Posted By: Grandpianoman Re: wind motor - 07/26/06 09:35 PM
Dan, you might want to do a search for "player piano repair" and send off an email to one of the people who repair them for a living..... they may give you some help. Also, a good book source would be the Art Reblitz book on player piano repair....you can google that, or use www.bookfinder.com

GP
Posted By: CTPianotech Re: wind motor - 07/31/06 12:15 AM
The two wooden surfaces sliding against eachother need to be sanded flat+smooth. Work your way up to 320, using a VERY FLAT sanding block. Dry graphite powder works extremly well as a lubricant. Greasy lubricants will gum things up in the long run.

Rich
Posted By: David Estey Re: wind motor - 01/31/07 10:55 PM
Unless the motor itself has splits or cracks at the point of contact of the slide valves to the wind motor, I would respectfully warn against sanding - because as CT Pianotec just emphasized VERY FLAT - he means VERY FLAT, and if it is off at all, it could make the motor useless.

The slide valves are sucked on to the surface by the power of the bottom action through the govenor (in play) and then full power from the bottom action (in rewind). As long as a generous amount of DRY graphite is present between the slide valves and surface, and there is no warpage or other such inconsistancy,(that WOULD need to be sanded as Rich said) There is no reason to worry about loosing pressure there. If it is not working properly, it is because the slide valves are not regulated to open and close the phewmatics smoothly in the proper sequence.

If you are loosing pressure, the first question is "were the valves, pnewmatics and bottom action rebuilt?" If no, then most of your problem is there.

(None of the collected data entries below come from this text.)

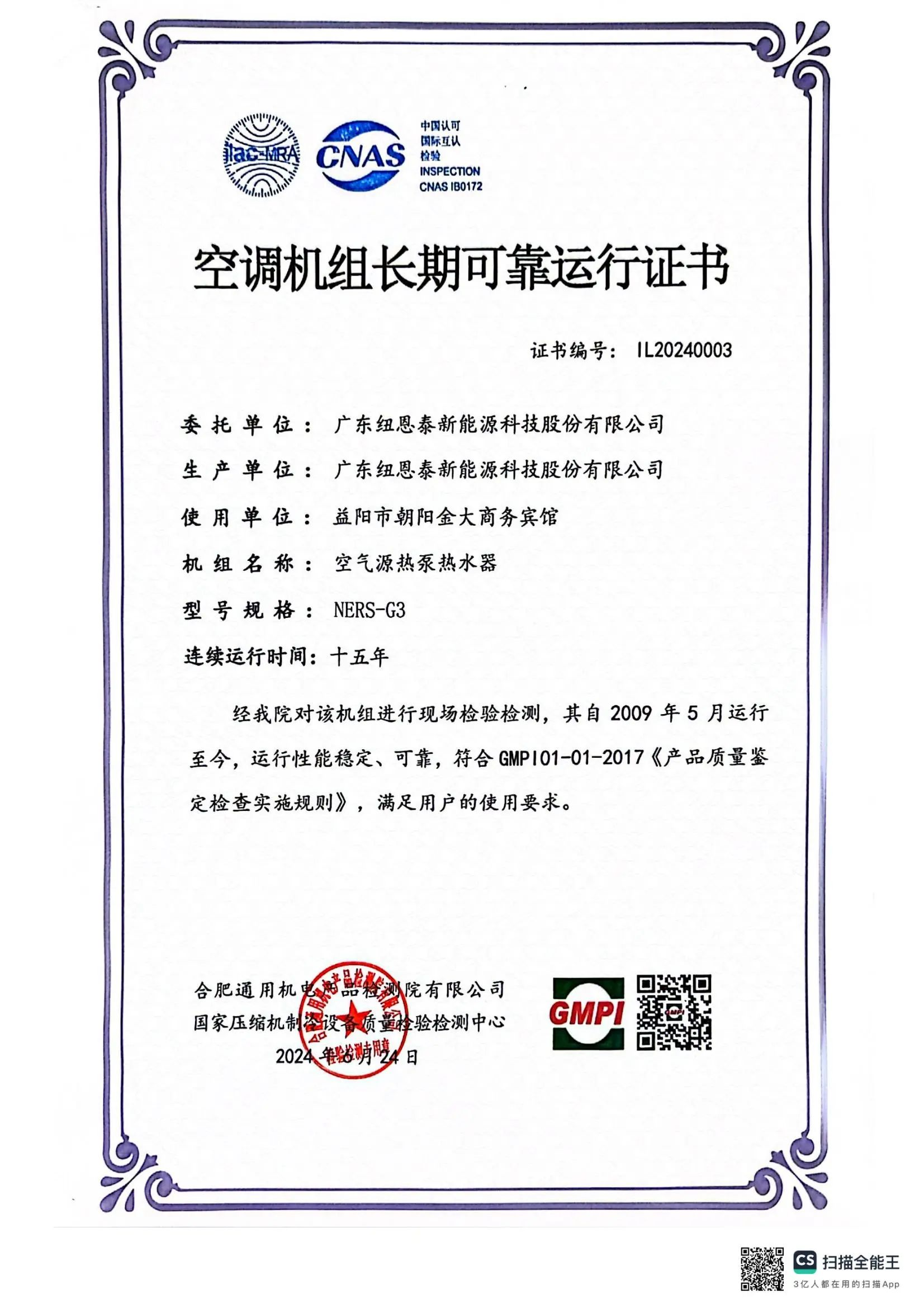 15年穩(wěn)定運(yùn)行!紐恩泰空氣能熱水機(jī)組可靠性獲權(quán)威認(rèn)證,刷新行業(yè)記錄
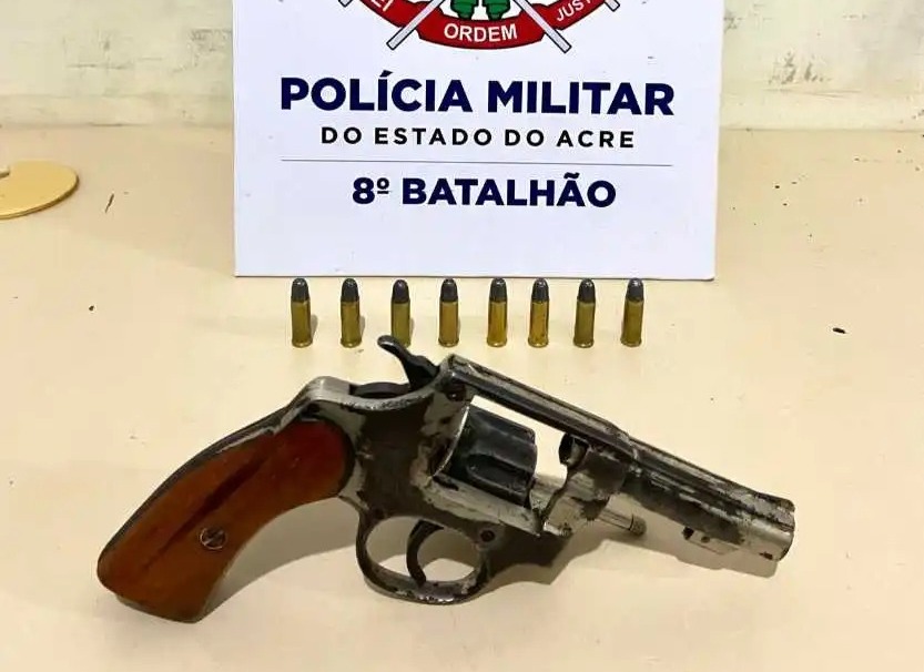 Após receber informações sobre as ameaças proferidas pelo acusado, a PM se dirigiu ao local. Durante a abordagem, os policiais encontraram em posse do homem um revólver calibre 32, contendo oito munições.
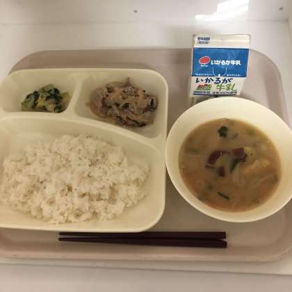 今日の献立は、ご飯、牛乳、豚肉のしょうが焼き、さつまいものみそ汁、菊菜と白菜のごまあえでした。
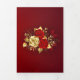 La composición de dos rosas rojas pintadas artistalmente y un rosa dorado, decorado con oro, hojas de joyas sobre fondo texturado.
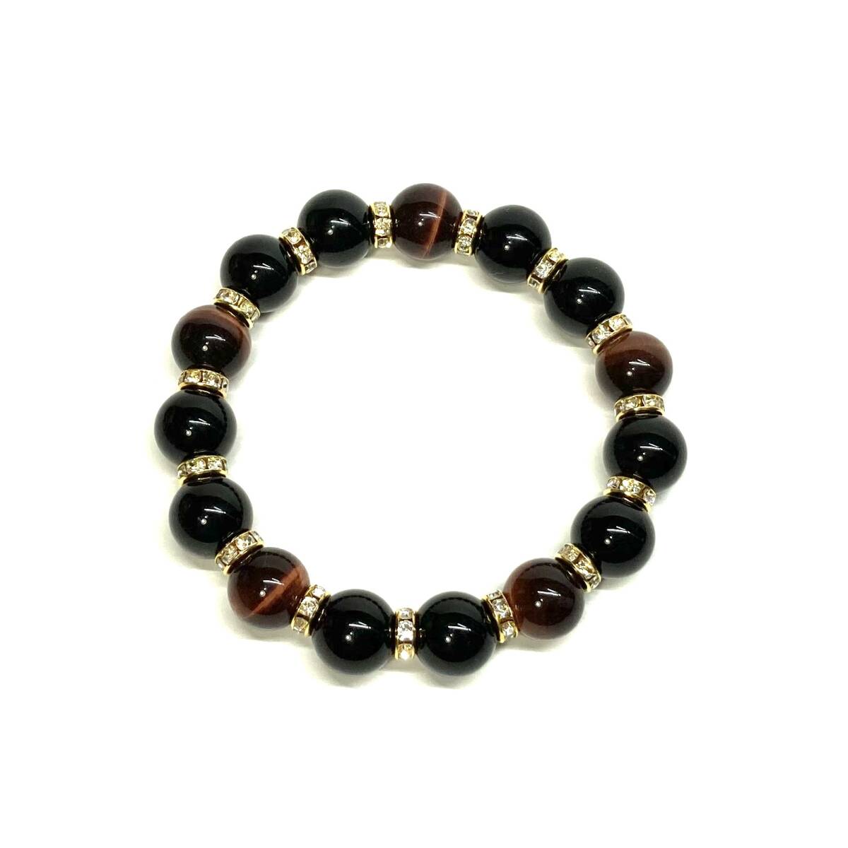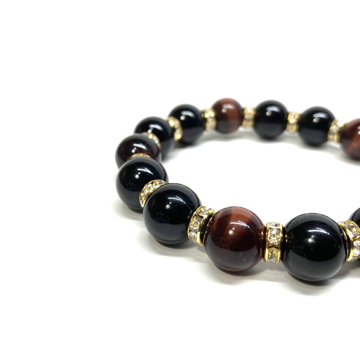 モリオン&レッドタイガーアイ パワーストーン ブレスレット 天然石ブレス (ゴールド) 12mm 幸運 開運 メンズ 男性
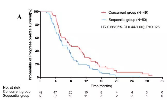 数据显示,同步化疗组和续贯化疗组的PFS分别为7.7个月和5.7个月(HR=0.66, 95% CI: 0.44–1.00),差异有统计学意义(P=0.026)(图2)。
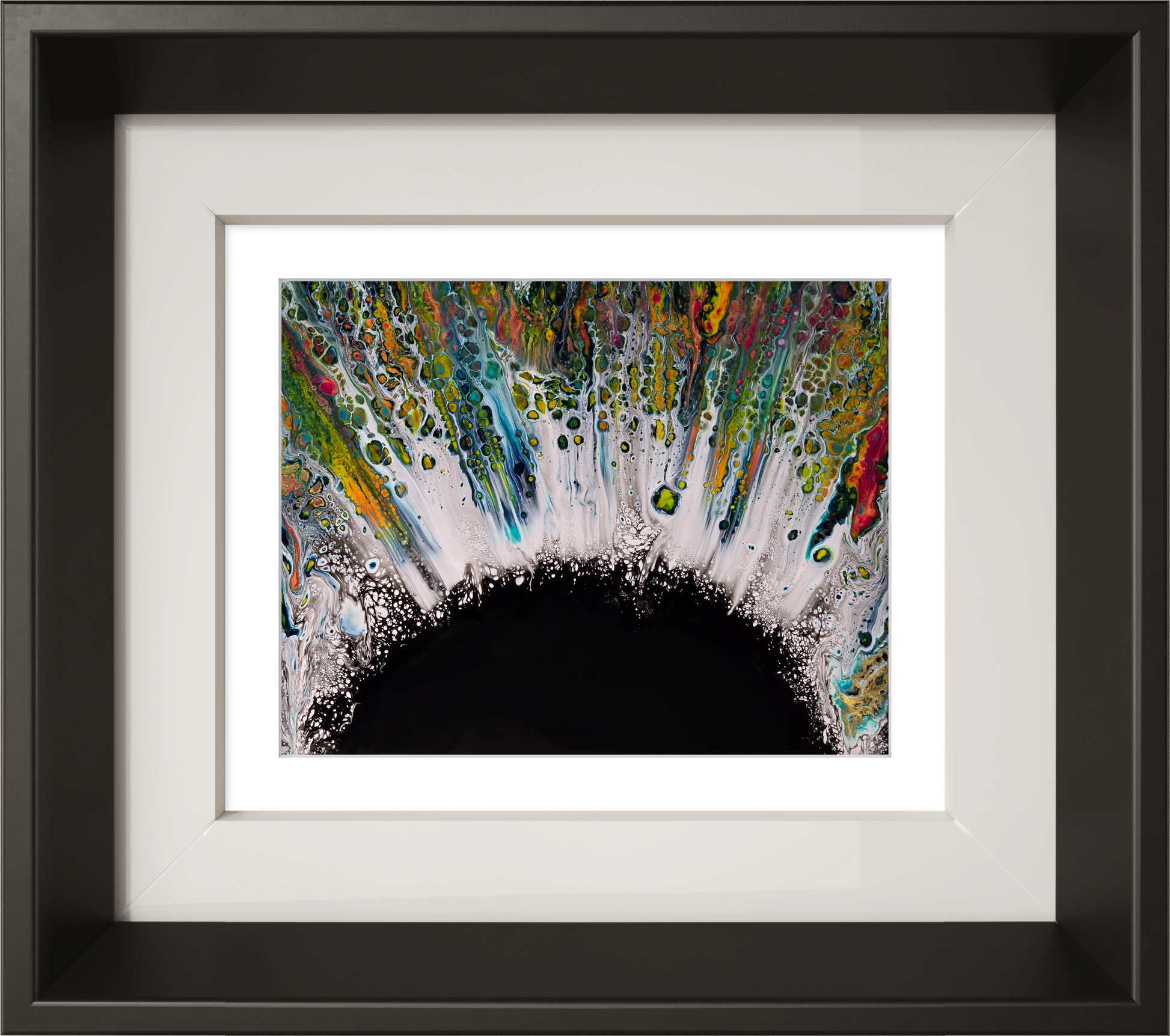 Experience the cosmic eye in this vibrant abstract artwork, where fluid colors and dynamic textures burst forth against a deep black backdrop. This piece invites exploration and conversation, making it a striking addition to any space that seeks to inspire creativity and wonder.
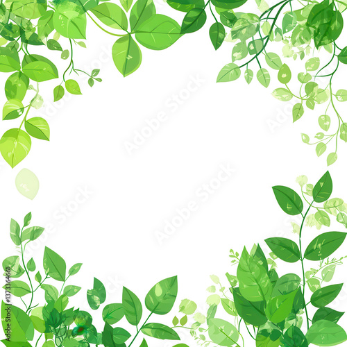 Lush Greenery Frame: Vibrant green leaves and foliage delicately frame an open space, ideal for design or text. A visual metaphor of natural beauty.
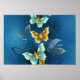 Composition of flying, jewellery, gold and dark butterflies on textured jewellery background. Golden butterfly.
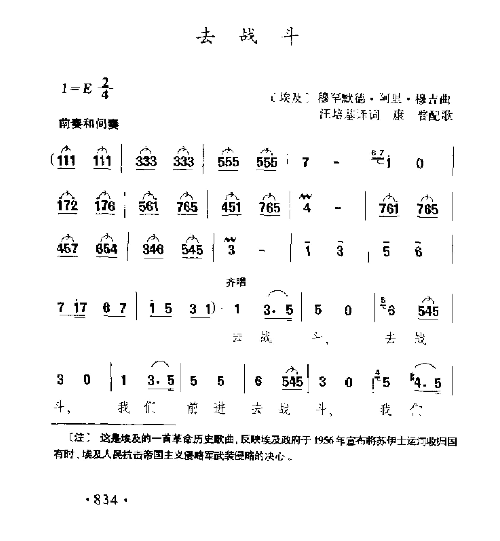 名称:外国现代歌曲简谱:去战斗 埃及 穆罕默德 阿里 穆吉曲国家:埃及分类:歌谱子类:外国歌谱类型:简谱文件格式:jpg
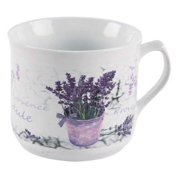 Duży kubek o pojemności 700 ml. Wykonany z wysokiej jakości ceramiki z pięknym dekorem lawendy. Idealny do picia dużej porcji herbaty oraz kawy. Posiada płaskie dno, dzięki czemu można podgrzewać go zarówno na piecu jak również na kuchence elektrycznej. Można podgrzewać w mikrofalówce. Oryginalny produkt czeskiej marki Orion. Wyprodukowano zgodnie z europejskimi standardami.
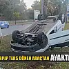 Refüje çarpıp ters dönen araçtan ayakta çıktı
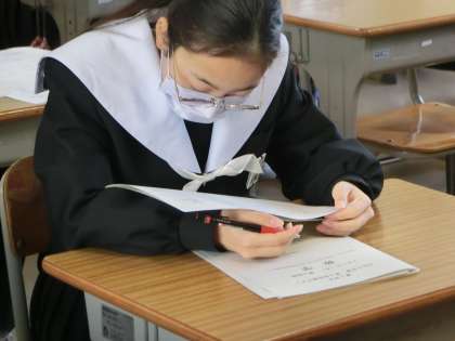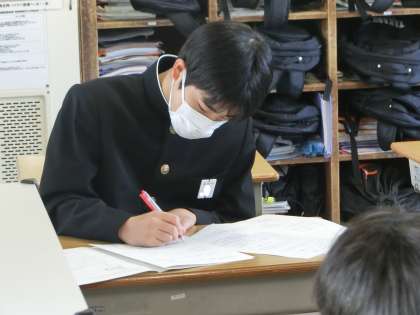 定期テストの返却に合わせて、正答率の低かった問題を中心に解説が行われていました。単に正解を確認するのではなく、途中の考え方はどうだったのかを思い出しながら、解き直しに取り組んでいました。
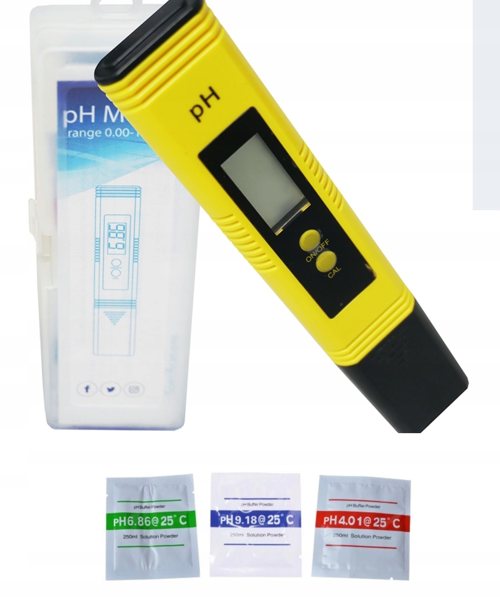 Простой в использовании pH-метр, электронная калибровка с помощью кнопок — отвертка не требуется. В комплект входят 3 буфера и батареи.
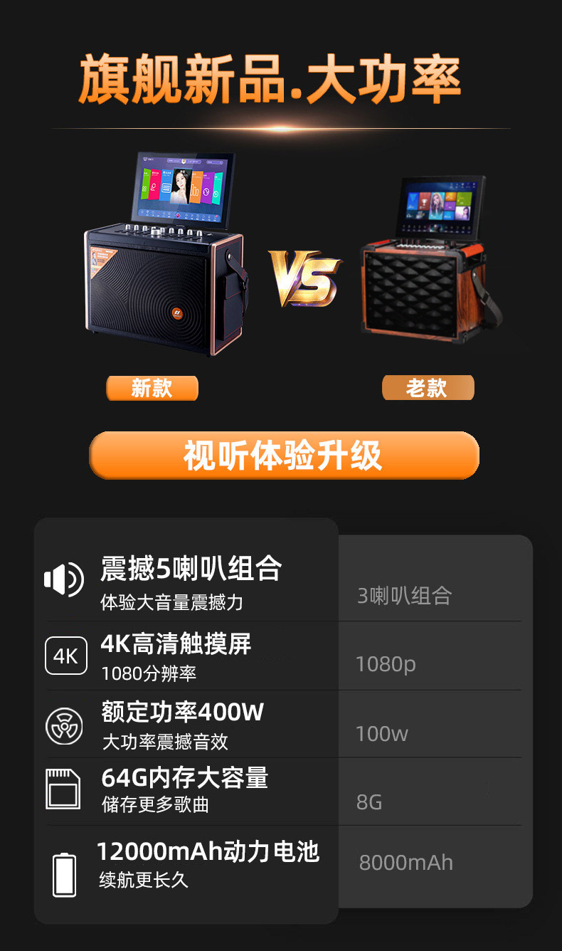 商品名称:山水广场舞音响带显示屏幕户外演出蓝牙移动拉杆音箱无线话筒K歌家用大功率唱歌视频大音量便携式室外一体机
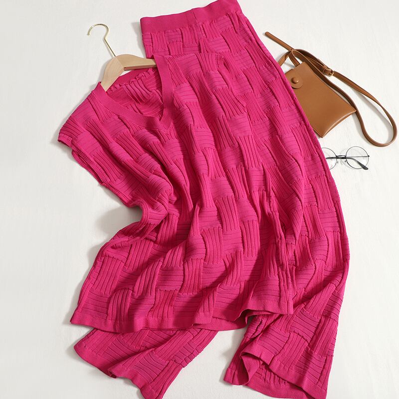 ノミクマセット ノースリーブVネックニット+ウエストワイドレッグロングパンツ 2022年 2点セット レディースコーデ ワイドパンツ kor68522787492
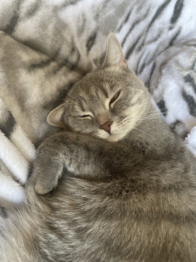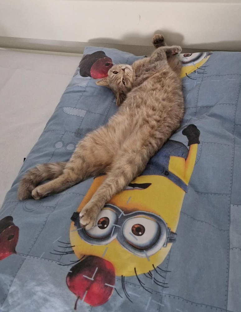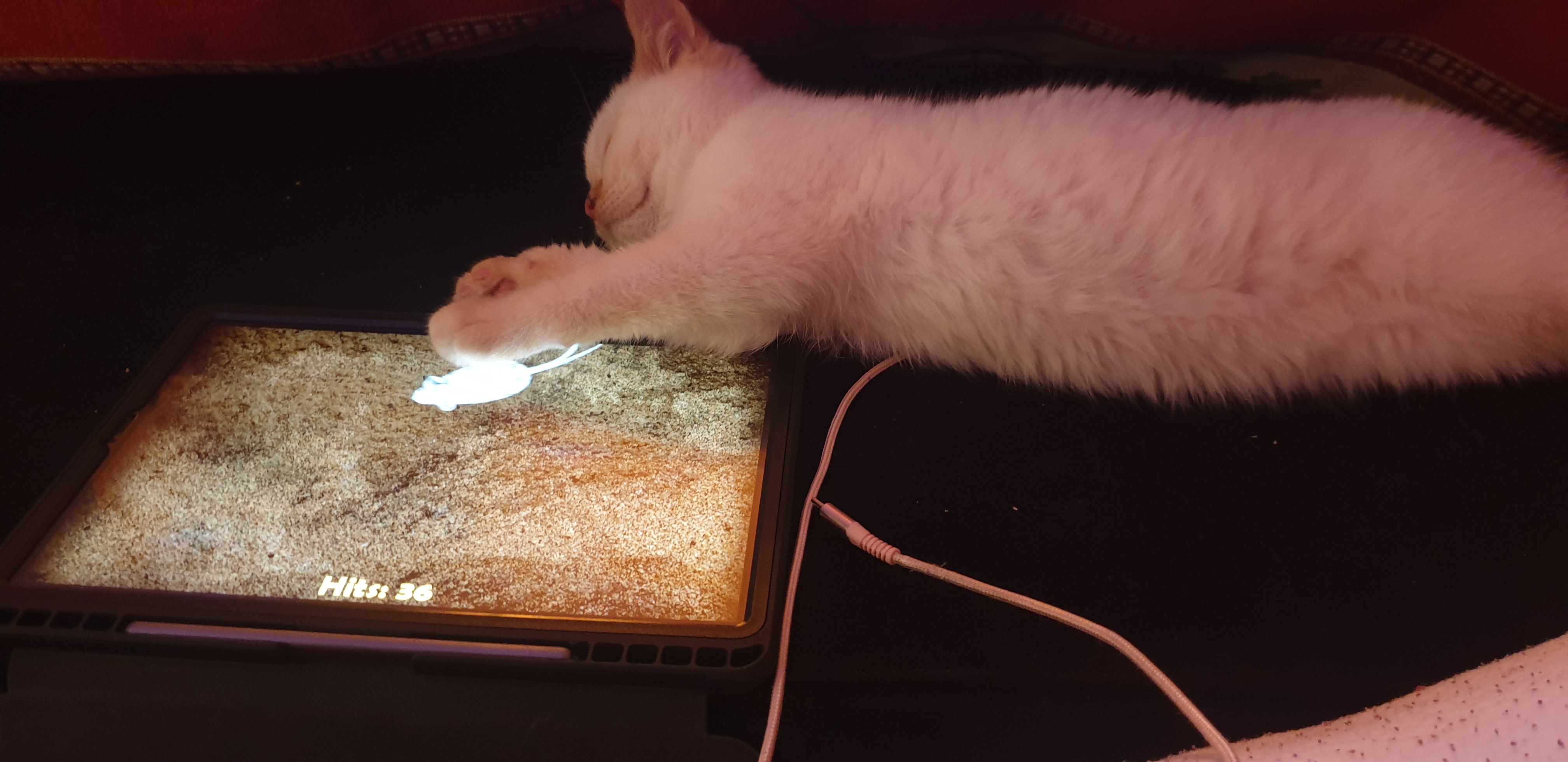 Spieleinheit ist sie nun am schlafen. Unsere andere Katze Yvie ist noch etwas

Is that the issue? loss of pressure?

Dave
Posted By: fourthgenerationpianorestoration Re: wind motor - 02/16/07 04:13 AM
I agree with everyone ,you also should make sure the reroll(govenor) is adjusted right and not leaking, this diverts the (vacume)-pressure from the valve chest and the tracker and pnewmatics, durring reroll.Most books will give diagrams to.I also fold 1000 grit wet/dry sand paper used in auto finishing in half so the ruff surfaces are facing out slide this under the valve slide.Slide with a little presure so the paper rubs the block and then the slide.This should equalize the unevenness between them.If adjusted properly the wind motor doesn't take much vacume to work with plenty of tork.Do use plenty of grafite there and on the cam shaft points.